Rees boldly forecasts the startling risks that stem from our accelerating rate of technological advances. We could be wiped out by lethal "engineered" airborne viruses, or by rogue nano-machines that replicate catastrophically.
Experiments that crash together atomic nuclei could start a chain reaction that erodes all atoms of Earth, or could even tear the fabric of space itself.
Through malign intent or by mistake, a single event could trigger global disaster. Though we can never completely safeguard our future, increased regulation and inspection can help us to prevent catastrophe.
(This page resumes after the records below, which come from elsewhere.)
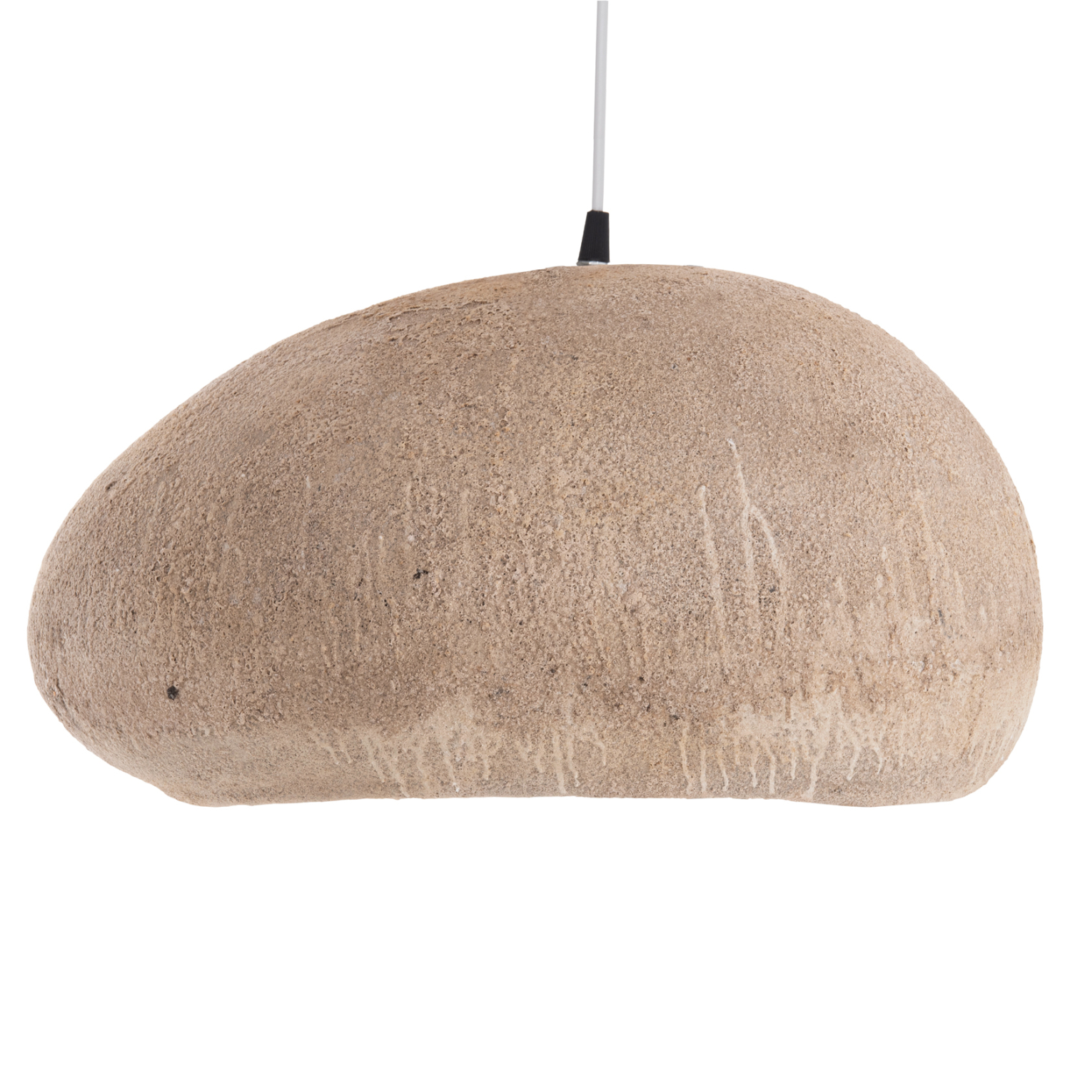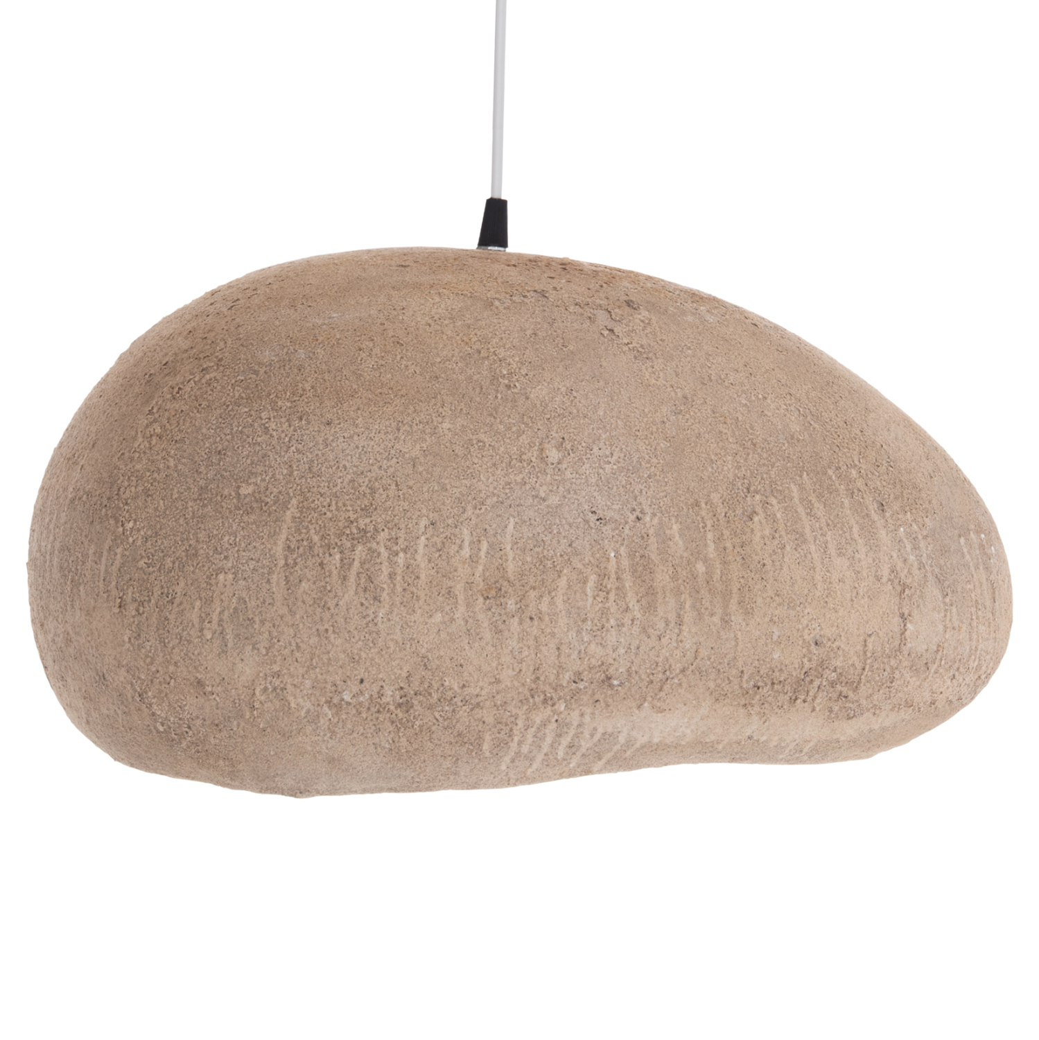 Αυτό το κρεμαστό φωτιστικό οροφής σε σχήμα πέτρας είναι κατασκευασμένο από RESIN(ΡΗΤΙΝΗ) υλικό σε σκούρο μπεζ χρώμα και διαχέει τον φωτισμό απαλά στο χώρο, δημιουργώντας μια όμορφη ατμόσφαιρα. Αποτελεί κυρίως διακοσμητικό στοιχείο στον χώρο και απαιτεί ανάλογο περιβάλλον.
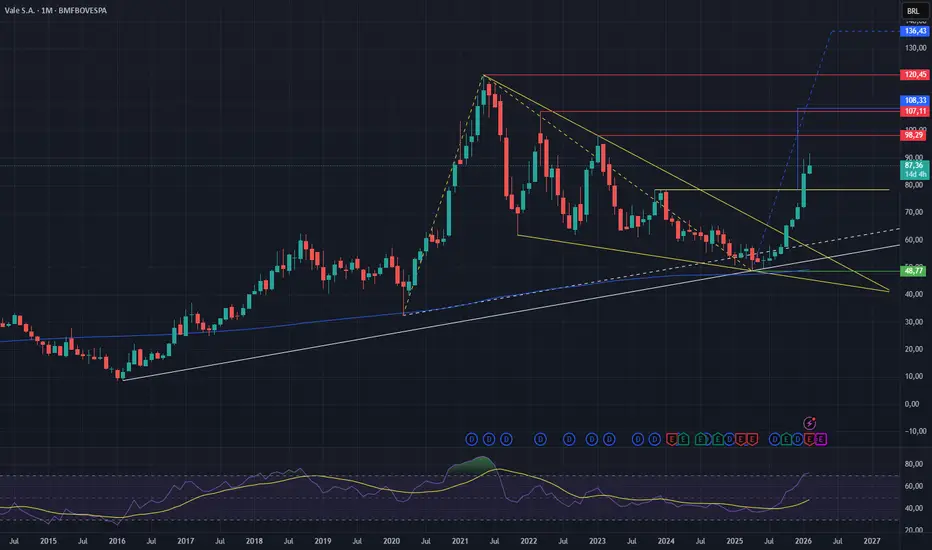 2º) Padrão Pires — utilizando como base o terceiro ponto da Linha de Tendência de Alta, com zona de resistência rompida pelo candle mensal de janeiro de 2026. A projeção desse padrão aponta para o alvo em R$ 108,33.
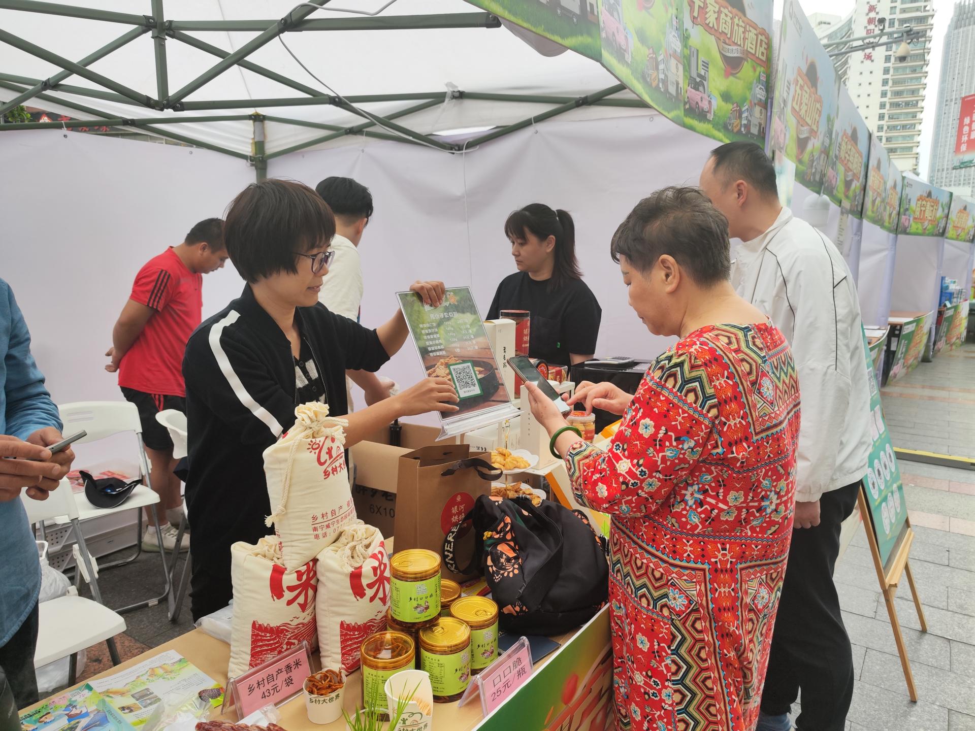 3月24至26日,位于南宁百货朝阳店前的联营市集吸引市民驻足品尝银河传统点心、乡村大世界的腊味饭,参与新华照相院晒照活动等,现场还展示了公司各门店新媒体账号,便于广大市民关注和了解更多活动资讯。
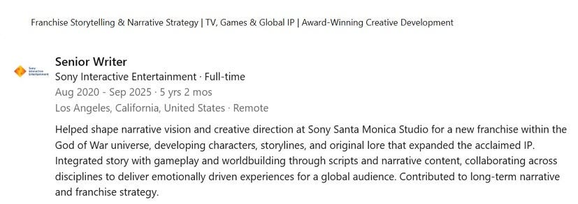 Her profile stated that she “helped shape narrative vision and creative direction at Sony Santa Monica Studios for a new franchise within the God of War universe, developing characters, storylines, and original lore that expanded the acclaimed IP.”
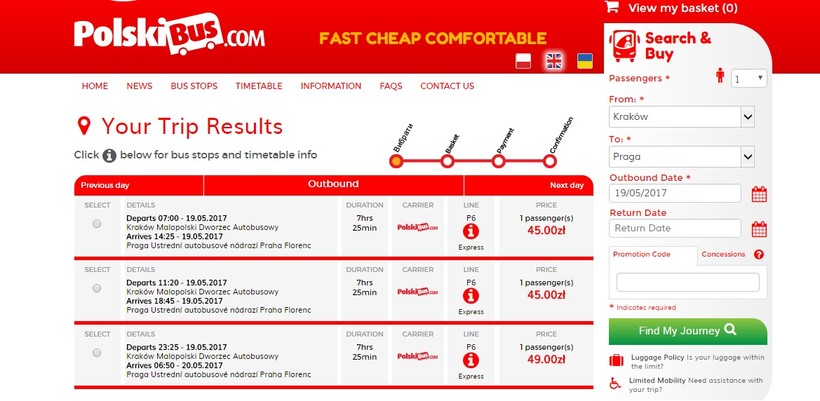 - Польский сайт железной дороги абсолютно бестолковый, особенно для поездок за пределы страны, здесь можно только найти поезд в Прагу и не более
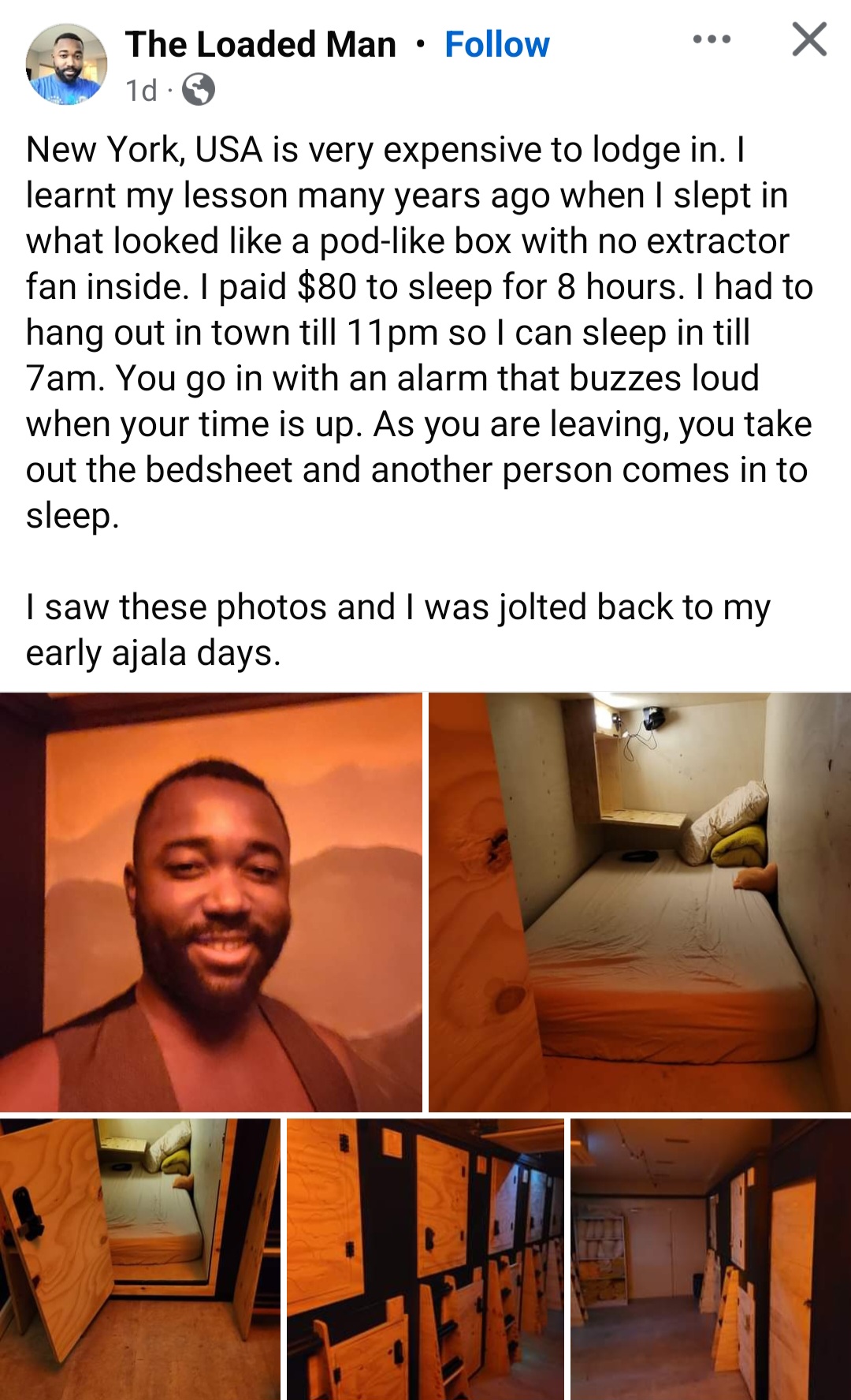 He revealed that many years ago, he had to pay $80 to sleep in a "pod-like box" for 8 hours per day.
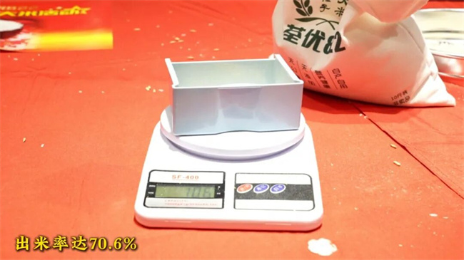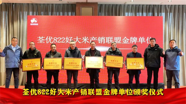 活动现场,在与会嘉宾共同见证下,对荃优822干稻谷进行出米率验证,结果显示出米率达70.6%。同时,皖农种业对2025年度在产销对接中表现突出的合作单位进行“金牌商”授牌。
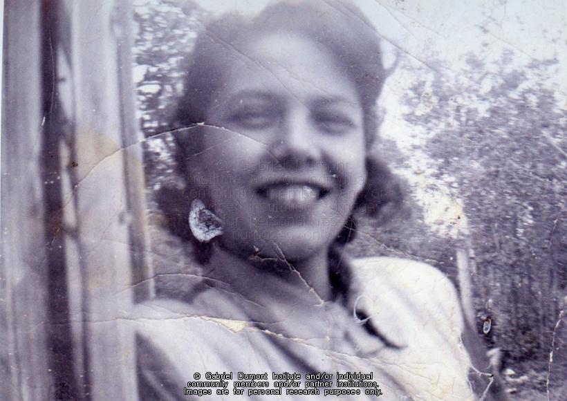 Bessie Morin (Arnault). Bessie was born January 9, 1931 and passed away October 25, 2007. She was the daughter of Fred Arnault and Rosa Lafond, and wife of Alex Morin of Ile a la Crosse, SK. Alex and Bessie lived in Hay River, NWT for many years and later in St. Albert, AB. This image is to be used for research purposes only. The reproduction of this image in whole or in part is strictly prohibited without the permission of the copyright holder. Copyright for this image belongs to Lawrence Arnault, and/or the person(s) in the photograph, and/or their descendants. |
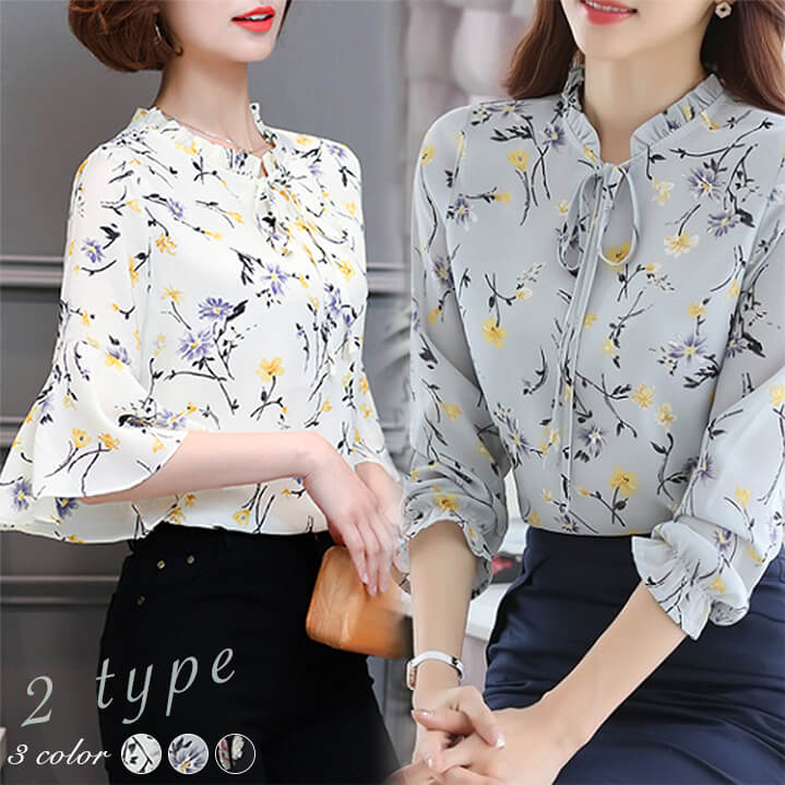 23 花柄シフォンブラウス レディース 半袖 長袖 シフォン ブラウス フレアスリーブ フレア袖 リボン 半袖 チュニック ボタニカル
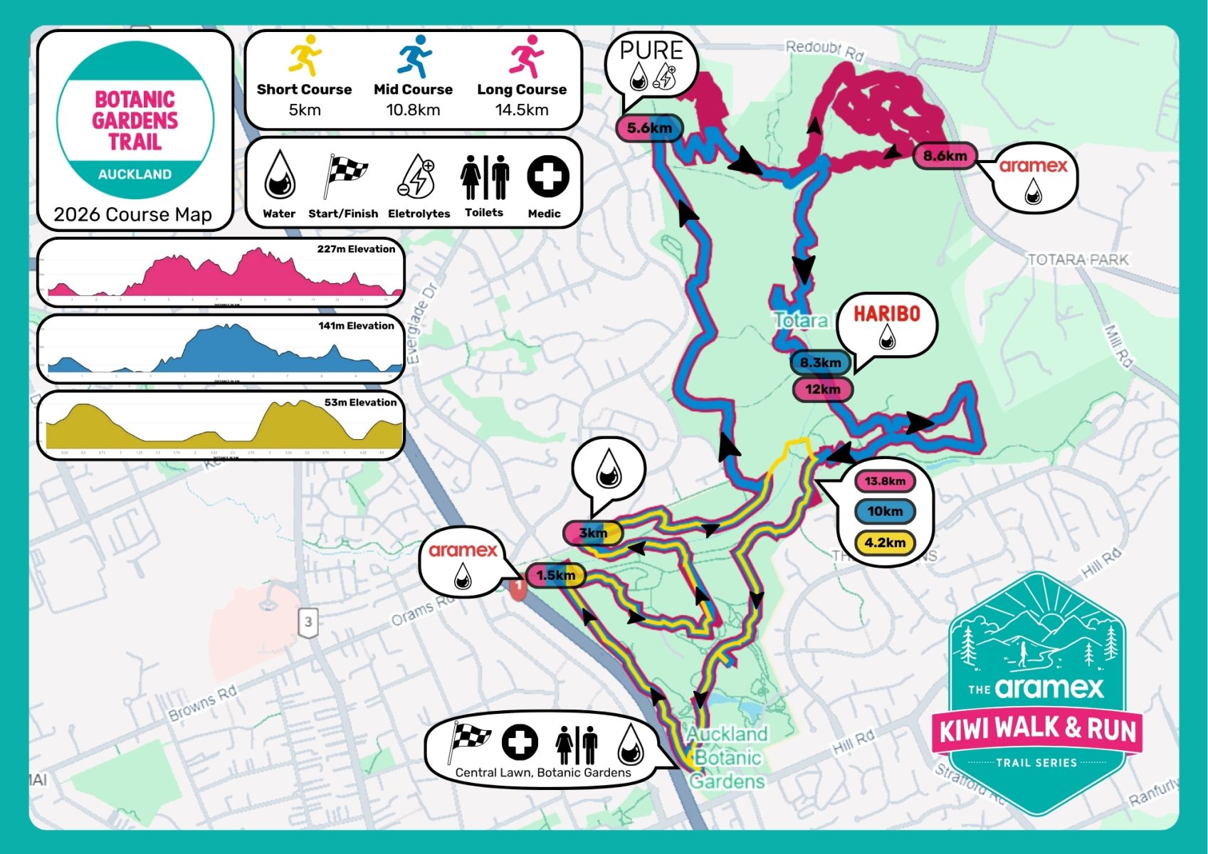 Course overview: Tucked away in the heart of Auckland, the Auckland Botanica Gardens and Totara Regional Park are one of Auckland’s best kept secrets! Our courses begin in the heart of Auckland gardens, and have you meandering through the gardens before making your way out into the native bush of Totara Park. The mid and long course will get to explore more of this stunning regional park, moving through pockets old growth native bush before rejoining the short course in the Nikau forest and exploring more of what the Botanic Gardens has to offer!
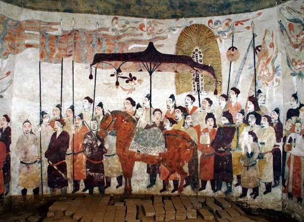 太原北齐徐显秀墓墓室壁画西壁 《鞍马仪仗图》
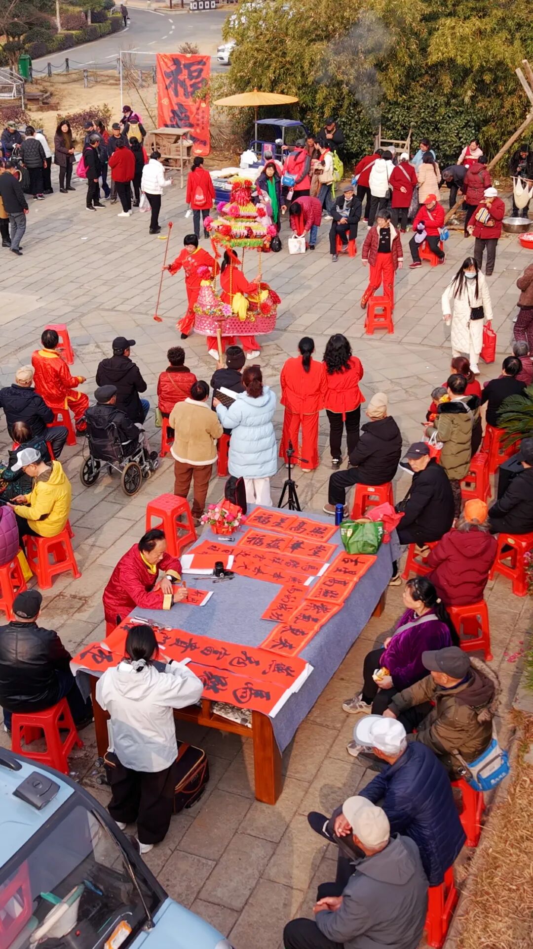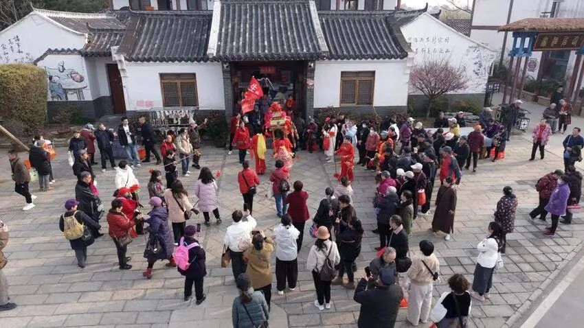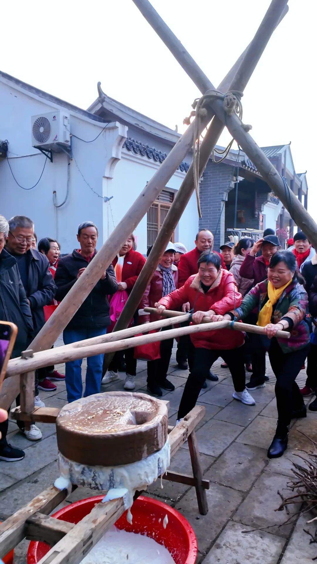 厨房备宴间隙,李白村的文化大戏率先开场。非遗表演《采莲船》热闹上演,彩衣舞动、锣鼓喧天,与游客欢乐互动。一旁的民俗体验区,打糍粑的号子声与石磨豆浆的香气交织。年猪的头部更是由村民游客自发抬起,披红挂彩巡游古村,让“抬猪纳福”“年年有余”的美好寓意在欢快的气氛中流淌。
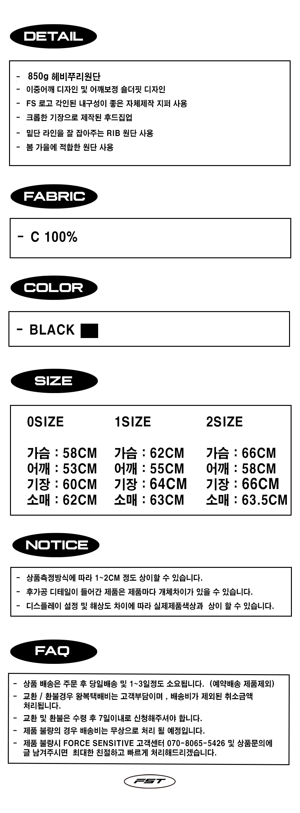 1사이즈 2사이즈 기장 +2cm , 780g > 850g 원단으로 변경되서 발송됩니다.
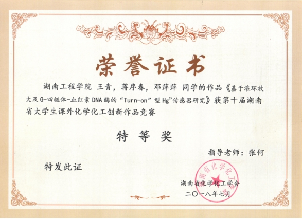 主持国家自然科学基金项目1项、湖南省自然科学基金项目3项、湖南省教育厅优秀青年项目1项,湖南省教育厅重点项目1项,参与“973”、“863”、“国家自然科学基金重大项目”、省自然科学基金、省发改委“创新引领”示范建设项目等10余项;申请国家发明专利18项,授权10项;发表论文50余篇,在Biosensors and bioelectronics、Sensors & Actuators B: Chemical、Microchimica Acta、Analytica Chimica Acta、分析化学等SCI期刊收录论文近30余篇,主编专著1部,参编教材1部,先后获得“湖南省化学化工学会青年化学化工奖”、tyc33455cc科技工作先进个人、“湖南省化学化工学会第十三届优秀论文一等奖”、“湖南省第十五届自然科学优秀学术论文二等奖”、“2011-2013年度和2015-2017年度湘潭市自然科学优秀学术论文一等奖”等奖项。

Rees's vision of the infinite future that we have put at risk--a cosmos more vast and diverse than any of us has ever imagined--is both a work of stunning scientific originality and a humanistic clarion call on behalf of the future of life.
About the Author
Sir Martin Rees is Royal Society Professor at Cambridge University, a Fellow of Kings College, and the U.K.'s Astronomer Royal. The winner of the 2001 Cosmology Prize of the Peter Gruber Foundation, he has published numerous academic papers and books and is the author of four titles for a general readership: Our Cosmic Habitat, Gravity's Fatal Attraction, Before the Beginning, and Just Six Numbers. He lives in Cambridge, England.